Task description: Make an exact transcript of the lines in the data below, starting with the one containing "2025年7月19日(土曜日" and going on through the one containing "The handle is", with both included and the pictures left out.

Information:
───

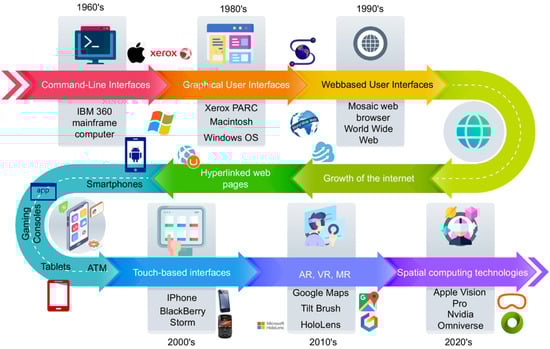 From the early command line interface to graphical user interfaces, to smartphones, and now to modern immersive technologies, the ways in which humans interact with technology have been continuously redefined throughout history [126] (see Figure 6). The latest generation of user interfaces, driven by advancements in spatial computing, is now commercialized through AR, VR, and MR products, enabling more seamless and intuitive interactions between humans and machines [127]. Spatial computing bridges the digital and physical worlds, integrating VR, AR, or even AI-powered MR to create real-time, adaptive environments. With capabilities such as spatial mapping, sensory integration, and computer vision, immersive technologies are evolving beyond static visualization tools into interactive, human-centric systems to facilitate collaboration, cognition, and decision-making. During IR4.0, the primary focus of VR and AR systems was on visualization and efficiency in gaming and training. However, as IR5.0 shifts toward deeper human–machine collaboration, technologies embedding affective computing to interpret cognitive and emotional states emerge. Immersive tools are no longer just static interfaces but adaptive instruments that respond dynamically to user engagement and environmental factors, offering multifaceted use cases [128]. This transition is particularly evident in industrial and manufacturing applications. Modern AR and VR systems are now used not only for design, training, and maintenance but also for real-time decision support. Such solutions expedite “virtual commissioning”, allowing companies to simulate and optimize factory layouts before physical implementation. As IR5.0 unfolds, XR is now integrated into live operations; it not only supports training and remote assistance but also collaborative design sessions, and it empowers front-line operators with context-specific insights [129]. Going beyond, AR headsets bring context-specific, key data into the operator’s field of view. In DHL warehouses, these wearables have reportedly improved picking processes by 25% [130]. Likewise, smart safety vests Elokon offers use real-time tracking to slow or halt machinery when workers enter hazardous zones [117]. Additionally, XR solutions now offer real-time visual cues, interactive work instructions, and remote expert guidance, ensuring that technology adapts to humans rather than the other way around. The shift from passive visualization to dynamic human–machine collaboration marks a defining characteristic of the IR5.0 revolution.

───

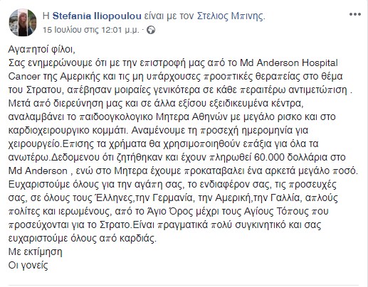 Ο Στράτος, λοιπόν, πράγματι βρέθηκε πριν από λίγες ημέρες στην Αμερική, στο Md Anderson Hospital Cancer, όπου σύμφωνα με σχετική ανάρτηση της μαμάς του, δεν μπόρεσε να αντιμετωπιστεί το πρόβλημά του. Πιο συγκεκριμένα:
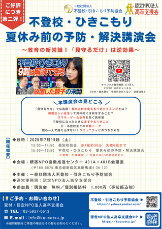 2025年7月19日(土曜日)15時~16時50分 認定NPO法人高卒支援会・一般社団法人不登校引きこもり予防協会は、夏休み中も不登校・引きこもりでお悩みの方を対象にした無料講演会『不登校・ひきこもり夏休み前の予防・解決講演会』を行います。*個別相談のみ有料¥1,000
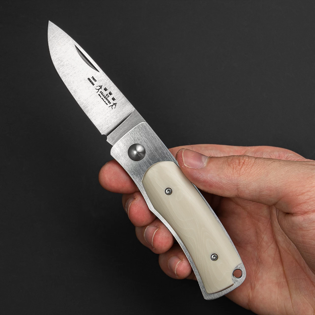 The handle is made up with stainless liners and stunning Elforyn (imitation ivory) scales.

───

Response to this task:
 2025年7月19日(土曜日)15時~16時50分 認定NPO法人高卒支援会・一般社団法人不登校引きこもり予防協会は、夏休み中も不登校・引きこもりでお悩みの方を対象にした無料講演会『不登校・ひきこもり夏休み前の予防・解決講演会』を行います。*個別相談のみ有料¥1,000
 The handle is made up with stainless liners and stunning Elforyn (imitation ivory) scales.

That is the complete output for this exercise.